Second, the motifs show similar patterns of cross-species conservation and within-species conservation (Fig. 1 a and b). For each motif we asked whether the most conserved positions across the various motif instances within human (and thus those most likely to be involved in motif recognition) are also the positions within individual instances that show the highest conservation across species (and thus are most constrained in their evolution). To measure the within-species conservation of a motif we used the information content (I_k) of its PWM at the position k. To quantify its cross-species conservation we identified its instances located within the CNEs and calculated the proportion (M_k) of the instances with bases not mutated in the orthologous regions of the mouse or dog genomes at position k of the motif. The correlation coefficient between I and M for each of the discovered motifs is shown in Fig. 1c. We found that nearly all motifs (95%) show a positive correlation, and 53% have correlation coefficient >0.5. This suggests that the discovered motifs are indeed functional. The results also suggest that these motifs retain similar recognition properties across species.

Palindromes.

A significant proportion (17%) of the 233 motifs are palindromes, forming perfect or nearly perfect matches to their reverse complement over nearly their entire length. For example, LM3 consists of GTTGCY juxtaposed with its reverse complement, RGCAAC, with a central W, itself a self-palindrome (W = A/T). The proportion of palindromes is much higher than for random control sequences (0.13%) (see SI Text) and is similar to the proportion seen for the 16 known motifs (18%). The enrichment is especially pronounced among the 20 top-scoring motifs, with 45% being palindromic. Notably, the palindromic motifs are also symmetric in the information content of each base, and weakly specified positions are symmetrically placed with weakly specified positions on the two motif halves. Palindromicity can be indicative of DNA sequences that bind by a protein homodimer. Alternatively, palindromicity can sometimes reflect RNA sequences that form stem-loop structures, as illustrated by the LM6 motif in the 3′-UTRs of histone genes.

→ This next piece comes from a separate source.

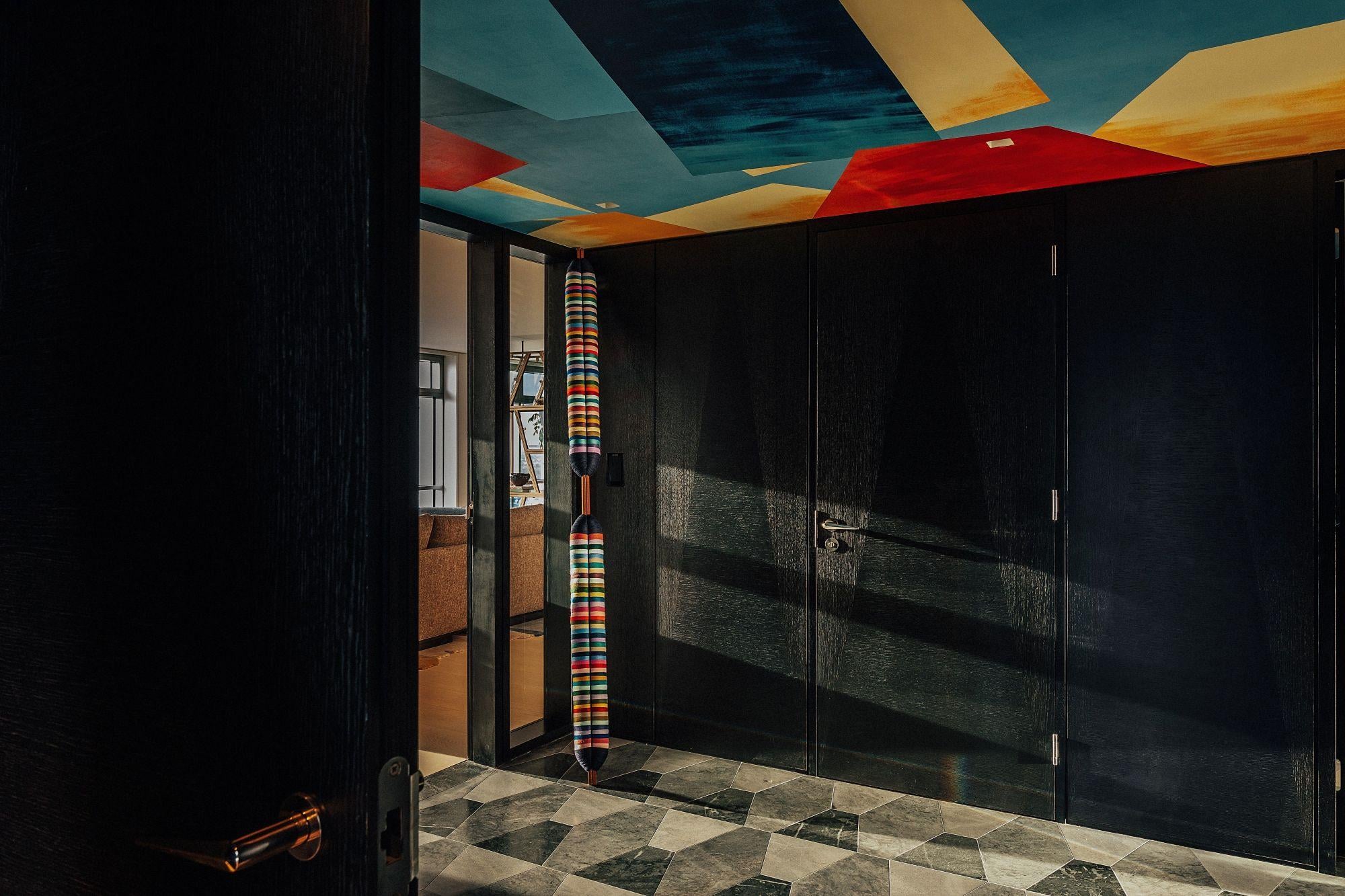 Lối vào nhà là nơi tạo ấn tượng đầu tiên, vì thế đừng để chúng nhạt nhòa. Tại căn hộ Centre Point, khu vực tiền sảnh trở nên sống động nhờ trần nhà được vẽ tay với tổ hợp màu xanh, đỏ và vàng lấy cảm hứng từ ánh hoàng hôn. Những hình khối trừu tượng trên cao đối thoại tinh tế với sàn đá vôi đa sắc bên dưới, tạo nên tổng thể hài hòa về màu sắc ngay từ bước chân đầu tiên.

Distance from transcriptional starts.

Most of the discovered motifs show little or no enrichment near genes. More than 93% have 80% of their conserved instances located >10 kb away from the TSS of any gene (Fig. 1d). A typical example is the LM2 motif (Fig. 1e). Most of these motifs are likely not to be related to core and proximal promoter functions, but may instead encode distal regulators, insulators, or other functions.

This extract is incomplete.